### TASK STATEMENT
Please print the line that holds "Our last day" and each line after it to the end of the data, word for word, without any pictures.

### THE DATA

= Beginning of Section =

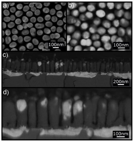 (a) Secondary electron (SE) SEM top view of the Au NRs before annealing. (b) BSE SEM top view of the Au NRs after annealing at 250 °C for 1 h. The high-resolution BSE image shows dark contrast in NRs with bright top caps. (c,d) BSE cross-section images at two different magnifications showing the NR structure after annealing. The same contrast characterizes the NRs and the silicon substrate. Some of the NRs are partially covered laterally with Au film. Notice also the presence of a thick Au layer (bright contrast) beneath the dark Si NRs.
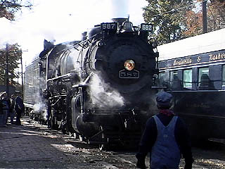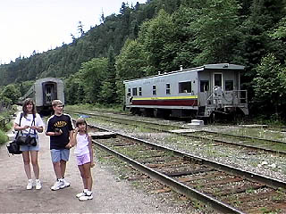 Our last day in the canyon. As the Tour Train departs in the background, train no. 1 (just out of sight to the right) backs down to pick up the Canyon View. This was also the day the Eco-Challenge TV show came to the park. |
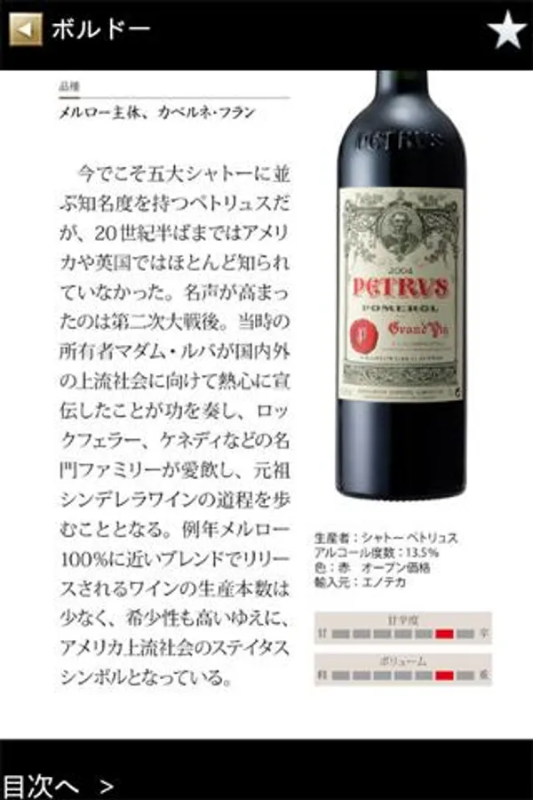 産地別の構成でフランスワインそれぞれの銘柄の特長を解説。各産地の基礎知識をはじめ、銘柄の品種、ボリューム感、渋み、価格の目安がひと目でわかります。

= End of Section =

### SOLUTION TO THIS EXERCISE
 Our last day in the canyon. As the Tour Train departs in the background, train no. 1 (just out of sight to the right) backs down to pick up the Canyon View. This was also the day the Eco-Challenge TV show came to the park. |
 産地別の構成でフランスワインそれぞれの銘柄の特長を解説。各産地の基礎知識をはじめ、銘柄の品種、ボリューム感、渋み、価格の目安がひと目でわかります。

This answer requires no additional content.